Everyone wants to be found.

Rating: 7/10

Running Time: 102 minutes

UK Certificate: 15

Nobody does jaded quite like Bill Murray. Since his mid-1970s appearances in ‘Saturday Night Live’, his hang-dog expression and martini-dry delivery have always made him seem cynical beyond his years, and now that he actually is middle-aged, he plays the mid-life crisis like he was born to it, in films like Groundhog Day, ‘Cradle Will Rock’, and especially the sublime Rushmore.
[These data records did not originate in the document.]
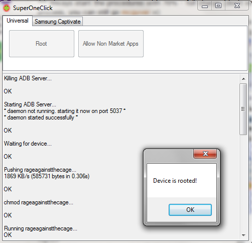 - Kattints a Root gombra! Itt várni kell egy kicsit. Amikor kész a rootolás, akkor megjelenik egy üzenet, hogy „Device is rooted!”:
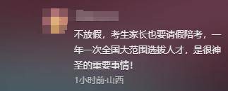 很快就有网友回复,即便没有假期,家长们大多数都会请假来细心照顾孩子们这几天的生活,这样全国性选拔人才,本来就是一件很神圣的大事!
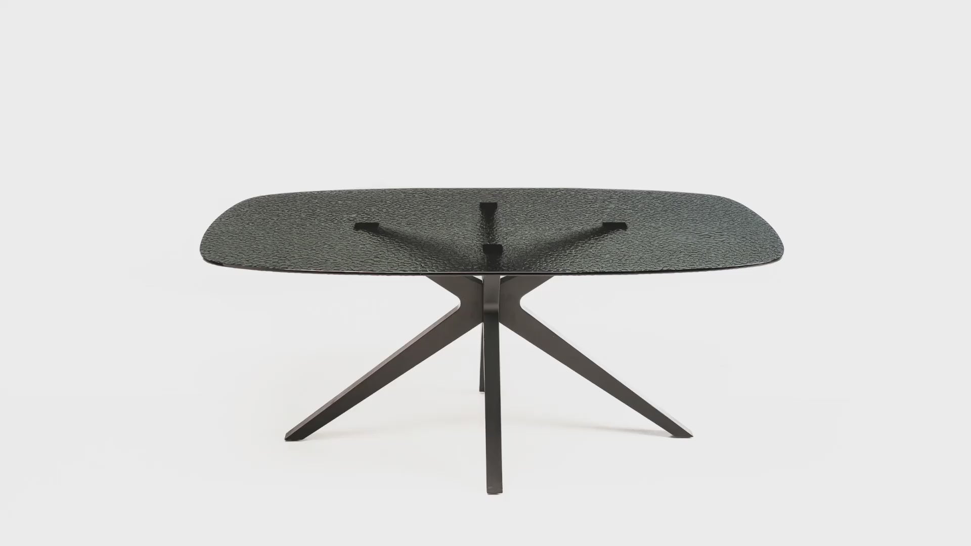 "Eivissa" modern fixed table with smoked hammered glass top and metal base

So once again Murray gets to do what he does best in Sofia Coppola’s ‘Lost in Translation’, where he plays Bob Harris, a washed-up Hollywood actor who is in Japan filming a celebrity endorsement for a brand of whisky, in part because he needs the work, in part to escape the suffocating humdrum of his 25-year marriage to Lydia. Bob is staying in the same Tokyo hotel as Charlotte (Scarlett Johansson), a young ex-student of philosophy who is unsure what to do with her life or whether she has done the right thing in marrying photographer John (Giovanni Ribisi). Unable to sleep in the wee hours of the morning, Charlotte meets Bob in the hotel bar, and their shared dissatisfaction and anxiety quickly becomes the basis of an intense friendship. Charlotte makes Bob feel younger, Bob makes Charlotte feel appreciated, and in an alien environment, at a time of personal crisis, the pair discovers mutual understanding and comfort – until the week is over and it is time to resume their everyday lives.

‘Lost in Translation’ is about two people who have lost their way, and a brief encounter in the unlikeliest of places which helps them both find their bearings and get back on track. Governed by minute observations of character rather than sweeping events, the film first offers a wry series of parallel vignettes which show Bob and Charlotte in situations where communications have broken down – Bob struggling to comprehend his Japanese handlers and director, Charlotte failing to connect with her husband. It is a good half an hour before a single word is exchanged between Bob and Charlotte, but that moment marks the first meaningful communication that either has had in Japan. From then on they become constant companions, like a couple of intimate lovers, overcoming their alienation and incomprehension precisely by sharing their experience of them.

Bob and Charlotte’s slow-burning relationship is evoked with humour and tenderness by Murray and Johansson, whose on-screen rapport, despite the difference in their age, is tangible. Lance Acord’s cinematography transforms Tokyo into a strange wonderland, as far from Hollywood as Coppola’s contemplative, uncluttered script, which allows its two central characters to develop at a leisurely pace, and ends not with a bang, but a whisper. Coppola’s contempt for Hollywood sensibilities is reflected in her satirical treatment of Kelly (Anna Faris), a loud, vapid starlet visiting Japan to promote her latest blockbuster, ‘Midnight Velocity’ (starring Keanu, naturally).

Seeing Bob and Charlotte’s lives changed in ‘Lost in Translation’ may not exactly change yours too, but it is a smart, stylish portrait of a romance that never quite happens.

It's Got: A Japanese man (Fumihiro Hayashi) singing a brilliantly funny karaoke version of the Sex Pistols God Save the Queen.

It Needs: To learn Japanese.

Summary

While it may not exactly change your life, 'Lost in Translation' is a smart, stylish portrait of a romance that never happens, with excellent performances and a message delivered in restrained whisper rather than Hollywood shout.